ET does not live under your bed. He does not follow you down the hall, only to jump into a room when you look over your shoulder. You did not see him walk through your door, across your room, and into your closet. ET does not want to kill you.
"Theoretically" is not pronounced "Theory-etically" even though that makes more sense.
There are no secret cameras behind the mirrors in your house.
Just because you hear an airplane flying over head is no reason to think that it is about to crash into the building your in. Nor does it mean that it is from some foreign country and is about to drop a bomb on your house.
Sometimes a black helicopter is just a black helicopter.

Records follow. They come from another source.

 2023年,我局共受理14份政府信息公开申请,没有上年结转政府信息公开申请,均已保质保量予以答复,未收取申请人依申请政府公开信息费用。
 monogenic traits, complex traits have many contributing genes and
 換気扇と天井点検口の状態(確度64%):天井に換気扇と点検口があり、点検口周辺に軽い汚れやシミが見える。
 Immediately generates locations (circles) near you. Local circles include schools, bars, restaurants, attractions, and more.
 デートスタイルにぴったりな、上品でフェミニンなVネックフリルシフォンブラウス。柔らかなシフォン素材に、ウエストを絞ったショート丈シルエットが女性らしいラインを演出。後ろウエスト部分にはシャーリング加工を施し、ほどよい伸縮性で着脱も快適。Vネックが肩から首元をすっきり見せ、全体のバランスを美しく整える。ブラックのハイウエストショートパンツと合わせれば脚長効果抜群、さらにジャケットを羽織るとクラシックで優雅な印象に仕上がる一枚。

You will never catch up with a UFO, even if you drive after it for two hours. You will never admit that it kinda looked like an airplane.

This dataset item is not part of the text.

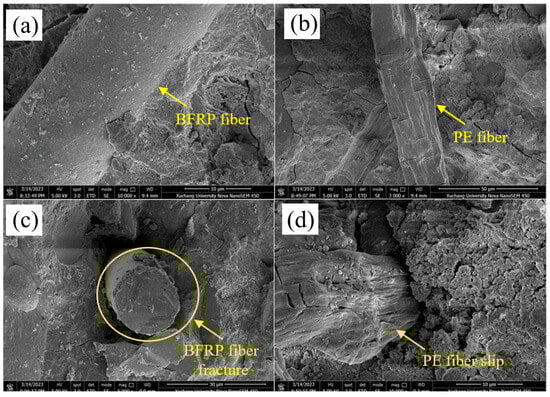 To further investigate the synergistic toughening mechanism of PE fibers and BFRP fibers in the HFECC-3 composite, SEM observations [49,50] were conducted on the fracture surfaces of specimens after the four-point bending test, as shown in Figure 17. Figure 17a shows that the BFRP fibers are evenly distributed in the cement matrix, with strong interface bonding. The good dispersion of BFRP fibers is attributed to their inorganic nature and density, which are similar to those of the cement matrix, thus helping to prevent interface delamination during the molding process and enhancing the bonding strength and collaborative load-bearing capacity in the interface region. Figure 17b displays the surface microstructure of the PE fibers under load. Compared to BFRP fibers, the surface of PE fibers is rougher, with more micropores in the interface transition zone, and their cross-section presents an irregular shape, exhibiting typical plastic deformation characteristics. This phenomenon indicates that the PE fibers undergo significant slip and frictional energy dissipation during loading, with surface twisting and scratches revealing their important role in stress transfer and crack propagation control, effectively improving the overall toughness of the material [13]. Figure 17c shows the fracture morphology of the BFRP fibers. Compared to Figure 17b, the difference in failure modes between the two types of fibers is more apparent. BFRP fibers primarily exhibit brittle fracture, with smooth fracture surfaces, indicating rapid failure after reaching ultimate strength. In contrast, PE fibers predominantly fail by pull-out, with distinct shear marks and plastic deformation traces on the fiber surface, leaving pull-out marks in the matrix. This difference in failure behavior demonstrates that the PE fibers can continuously dissipate energy through the pull-out process during the crack propagation stage, enhancing the material’s ductile response. Figure 17d reveals the synergistic toughening mechanism of the composite fibers. Due to the strong hydrophobicity of the PE fibers, the interface bond strength with the matrix is relatively weak, which leads to pull-out behavior during loading. This provides a certain degree of ductile buffering effect during the initial crack initiation and propagation stages. On the other hand, BFRP fibers can maintain an effective bridging state at higher stress levels, delaying further crack propagation. The two fibers work synergistically at different stress stages, forming a multi-stage energy dissipation mechanism that gradually interrupts crack propagation, effectively improving the mechanical strength and toughness of the material.
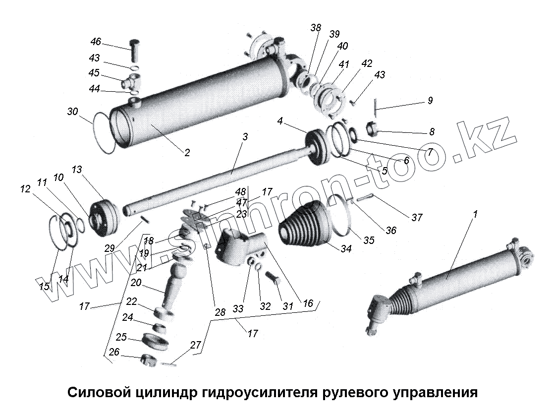 Каталог запасных частей к технике: МАЗ-533731. Силовой цилиндр гидроусилителя рулевого управления

A shooting star does not mean the sky is falling.
When you replace the sugar for your mother's morning coffee with garlic salt, she will not see the humor.
If you (or someone you're with) is going to steal someone's mailbox, try taking one that isn't nailed to a heavy wooden post that you'll have to pull up from the ground. It's hard to make a smooth getaway carrying that.
When you get caught stealing said hypothetical mailbox, don't even attempt to play innocent.
Try to pick friends who would tell you ahead of time that the owner of said hypothetical mailbox just caught them urinating on his lawn two hours before.
When the man calls the police, your mother will not see the humor.
Smearing fingerpaint on a bathrobe and painting oddly titled pictures while wearing a ski mask, does not make you an artist.
If your mother makes you a Sylvester the Cat costume, you are not supposed to wear it to the grocery store.
When your drunkard uncle is babysitting, and takes you to the liquor store with him, your best sunday dress and shoes are not the proper attire.
Do not use all of your mother's fingernail polish remover to dissolve styrofoam peanuts in your bedroom.
While movies might act like it's a good idea, don't write messages in lipstick on your mirrors.
If you are drunk and surrounded by racist rednecks who have also been drinking, avoid screaming "I am black!" at the top of your lungs.
If you spill beer on your shoes, it is not necessary to change pants and shirts.